PhD Thesis Defence

We begin by presenting a spectral characterization theorem that settles Chevreau's problem of characterizing the class of absolutely norming operators --- operators that attain their norm on every closed subspace. We next extend the concept of absolutely norming operators to several particular (symmetric) norms and characterize these sets. In particular, we single out three (family of) norms on $\mathcal B(\mathcal H, \mathcal K)$: the "Ky Fan $k$-norm(s)", "the weighted Ky Fan $\pi, k$-norm(s)", and the "$(p,k)$-singular norm(s)", and thereafter define and characterize the set of absolutely norming operators with respect to each of these three norms. 

We then restrict our attention to the algebra $\mathcal B(\mathcal H)$ of operators on a separable infinite-dimensional Hilbert space $\mathcal H$ and use the theory of symmetrically normed ideals to extend the concept of norming and absolutely norming from the usual operator norm to arbitrary symmetric norms on $\mathcal B(\mathcal H)$. In addition, we exhibit the analysis of these concepts and present a constructive method to produce symmetric norm(s) on $\mathcal B(\mathcal H)$ with respect to each of which the identity operator does not attain its norm. 
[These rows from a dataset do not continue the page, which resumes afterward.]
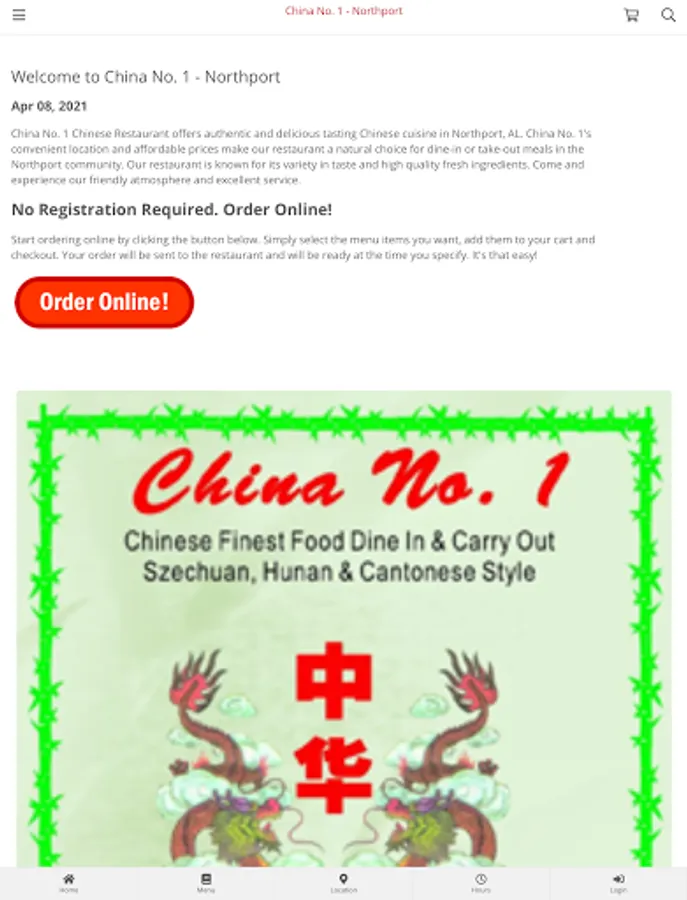 Online ordering for China No. 1 Restaurant in Northport, AL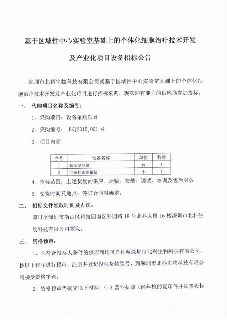 基于區域性中心實驗室基礎上的個體化細胞治療技術開發及產業化項目設備招標公告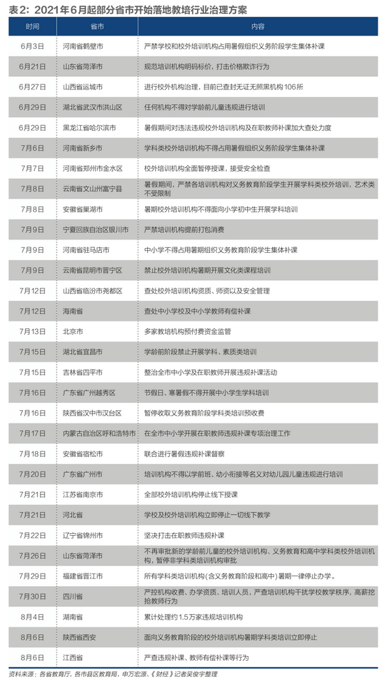 整治校外培训机构从2018年就开始了。国务院办公厅颁布了《关于规范校外培训机构发展的意见》,2019年教育部等六部门又出台了《关于规范校外线上培训的实施意见》,两份文件对培训机构的办学、师资、收费、培训内容、培训时间都作出了明确规定。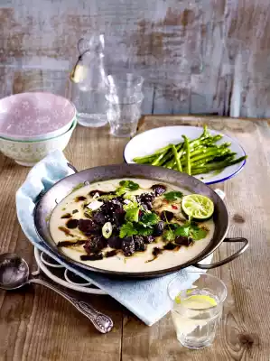 Wash the coriander, shake dry and pluck the leaves from the stalks. Wash spring onions, shake dry and cut into fine rings. Add the meat to the coconut sauce, sprinkle with coriander, spring onions and sesame seeds.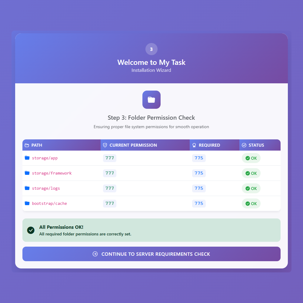 Ensures Laravel can write cached files in the storage/framework directory. This is required for sessions and compiled views.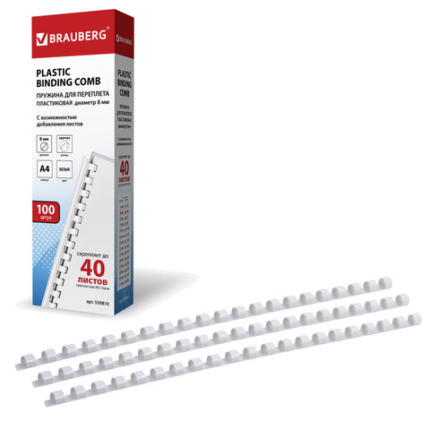 Пружины пластиковые для переплета, КОМПЛЕКТ 100 штук, 8 мм (для сшивания 21-40 листов), белые, BRAUBERG, 530810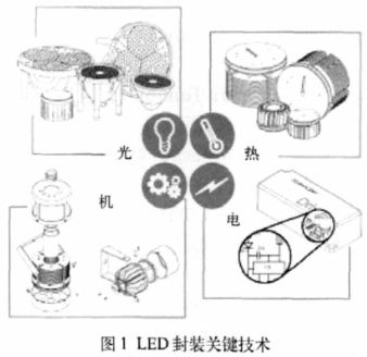 LED 的封裝技術(shù)實(shí)際上是借鑒了傳統(tǒng)的微電子封裝技術(shù),但LED 有其獨(dú)特之處,又不能完全按照微電子封裝去做。整個(gè)LED 封裝工藝主要包括封裝原料的選取、封裝結(jié)構(gòu)的設(shè)計(jì)、封裝工藝的控制以及光學(xué)設(shè)計(jì)與散熱設(shè)計(jì),概括來講就是熱- 電- 機(jī)-光(T.E.M.O.),如圖1 所示,這是LED封裝的關(guān)鍵技術(shù)。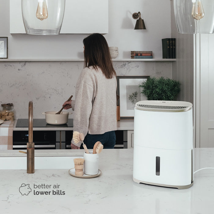 Is floor space at a premium? Struggling with damp in an already busy room? This compact, whisper-quiet and efficient dehumidifier fits easily into any room or on a countertop.

 Finally, we introduce the notion of "universally symmetric norming operators" and "universally absolutely symmetric norming operators" and characterize these classes. These refer to the operators that are, respectively, norming and absolutely norming, with respect to every symmetric norm on $\mathcal B(\mathcal H)$. In effect, we show that an operator in $\mathcal B(\mathcal H)$ is universally symmetric norming if and only if it is universally absolutely symmetric norming, which in turn is possible if and only if it is compact. In particular, this result provides an alternative characterization theorem for compact operators on a separable Hilbert space.